The 28-year-old released by the club at the end of the 2011/12 season pleaded “exceptional hardship” when he appeared before Norwich magistrates yesterday.
He admitted two speeding offences and was handed eight more points to the nine already on the licence which took the total to 17 – five more than the number that normally leads to a ban.
But Whitbread, through his solicitor Simon Nicholls, pleaded that he was now unemployed after being released by the club, and would not be able to find another job in football if he did not have a licence.
Mr Nicholls said that if his client had a job he would not have been able to use the special defence and would have had to make alternative travel arrangements, but as he was out of work, he qualified for the “exceptional hardship” defence.

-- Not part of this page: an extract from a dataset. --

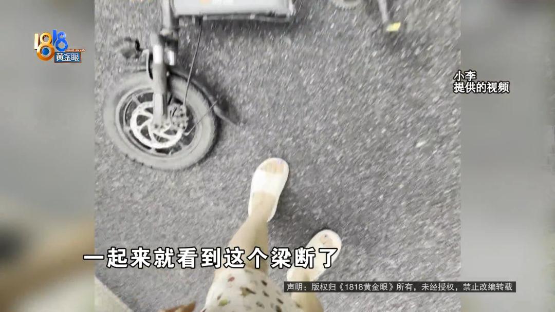 小李:6月23号那天,早上9点45左右,我从我家这边出发,在小区到大概34幢的地方,骑着骑着感觉被谁推了一把一样,“吧唧”就摔地上了。在地上待了很长的时间,我很懵,一起来就看到这个梁断了。是这个梁断了才导致我摔的。中间那个地方,就“一刀两断”了。

Magistrates accepted the defence, but the chairman of the bench, Amjad Malhis, warned Whitbread that he had come very close to losing his licence and said he would not be able to use the defence in future.

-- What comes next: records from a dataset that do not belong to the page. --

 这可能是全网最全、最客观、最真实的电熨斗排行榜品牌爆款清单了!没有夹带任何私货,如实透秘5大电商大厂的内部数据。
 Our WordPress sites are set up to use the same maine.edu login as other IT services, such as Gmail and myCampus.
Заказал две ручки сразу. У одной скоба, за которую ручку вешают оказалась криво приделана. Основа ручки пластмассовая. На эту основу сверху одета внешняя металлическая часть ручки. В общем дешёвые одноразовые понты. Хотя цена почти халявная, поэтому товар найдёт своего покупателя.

Whitbread was fined £780 plus a £15 victim surcharge and ordered to pay £85 costs.
As reported, the tall, blond-haired defender failed to earn a new contract with the Canaries after playing just 18 games in the Premier League last season. The American joined the Canaries in January 2010 and made a total of 48 appearances for the club.

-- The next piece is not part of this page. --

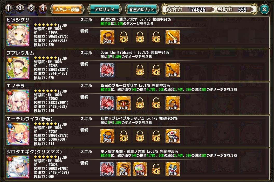 今から覚え直す花騎士のダメージ計算方法 Category:フラワーナイトガール Date:2018年06月03日 ダメージの計算式なんてさある程度ゲームをやり込まないとわからないしそもそも、やり込む人じゃないとあんまり関係ないよね!って考えていると、この先もずっと曖昧な知識で進みそうなので今回はちょっとお勉強してみます教材はWikiのFAQに書いてある文章からだいたいに察して汲み取りますWikiを見てみると害虫へのダメージ計算方法は主に2通りの式から成り立っていますまず1通り目基礎威力A=[(本人攻撃力×攻撃力アビ+装備分)÷2-相手防御力÷4]×乱数(0.95~1.05)これは主に、花騎士本体の攻撃力を計算する式になるのかな?キャラの攻撃力に、アビリティで攻撃力○○%アップを掛け算して、装備分を加える装備って攻撃力上昇アビには含まれないんですねそして、その数値を÷2していますそこから、相手の防御力÷4の値を引いて乱数を掛けるっとパっと見た印象だと、÷2が効きそうですねどんだけ攻撃力を上げても、÷2の補正がかかるこれチェックしておきましょう続いて2通り目【基礎威力A×弱点補正(1.5倍+弱点ダメージアビ)×クリ補正(1.5倍+クリダメージアビ)×スキル倍率×スキルダメージアビ×ダメージアビ×ボスへのダメージアビ】(小数点以下切り捨て、最低ダメージは1)ただし「全体攻撃以外の複数体攻撃スキル」or「好感度に応じて与ダメージ倍率が変わるスキル」の場合、最低ダメージ1処理の後にスキル倍率をかけます。↑これはとりあえず、無視します1通り目の計算式から出た数値を元に相手の弱点であれば1.5倍+αクリが発動したら1.5倍+αスキル倍率スキルダメージアビダメージアビボスへのダメージアビがそれぞれ乗算されるみたいですなんとなくわかって来たので、仮に管理人の編成で1個計算を試して見ましょう仮にシロタエギク(クリスマス)の与ダメを計算するとした場合に基礎攻撃力は9098(たぶん)スキルは便宜上4.7倍としておきましょう この編成での与ダメを考えるので諸々を抜粋すると上から攻撃力45%アップ弱点付与(1.5倍)クリダメ25%アップ攻撃力20%アップボス相手だとして攻撃力30%アップ攻撃力20%アップボス相手だとして攻撃力25%アップ与ダメ12%アップ与ダメ15%アップ攻撃力20%アップスキルダメ15%アップクリダメ60%アップ攻撃力20%アップスキルダメ15%アップ一番旨い状態を抜き出すとこんな感じまとめて攻撃力180%アップ弱点付与(1.5倍)クリダメ85%アップ与ダメ27%アップスキルダメ30%アップこうなりますそこでさっきの式を持ち寄って基礎威力A=[(本人攻撃力×攻撃力アビ+装備分)÷2-相手防御力÷4]×乱数(0.95~1.05)A=(9098×(180%)+4798)÷2(※相手の防御と乱数は無視)A=10587【基礎威力A×弱点補正(1.5倍+弱点ダメージアビ)×クリ補正(1.5倍+クリダメージアビ)×スキル倍率×スキルダメージアビ×ダメージアビ×ボスへのダメージアビ】A×1.5×(1.5+(85%))×4.7×(130%)×(127%)となり10587×1.5×(1.5+(85%))×4.7×(130%)×(127%)=289585となるはず・・・はず次回はこの考えがあってあるかを考えます PR

Whitbread, of Beech Drive, Little Plumstead, pleaded guilty to driving his Audi at 37.1mph in a 30mph limit in Grapes Hill in Norwich on October 15 last year.
He also admitted speeding in Fen Ditton in Cambridgeshire on January 8 in another Audi, on the A14, at 97mph in a 70mph speed limit.
The sentence was criticised by the Brake road safety charity, whose spokesman Ellen Booth said: “Penalty points are given for a reason.
“Once you reach 12 points you have had multiple opportunities to change your ways.
“We believe that drivers who reach 12 points should face a ban.
“We have campaigned to raise awareness of this issue.
“By failing to ban a driver with more than 12 points on their licence, it does undermine the whole system, and sends out the wrong message.
“We therefore feel in this instance that the footballer should have faced a ban.”
It’s not the first time a sportsman has been spared a driving ban after using the “exceptional hardship” defence.
Last year champion jockey Kieren Fallon escaped a ban at Lincoln Magistrates’ Court after arguing he could not afford to add a full-time driver to his entourage.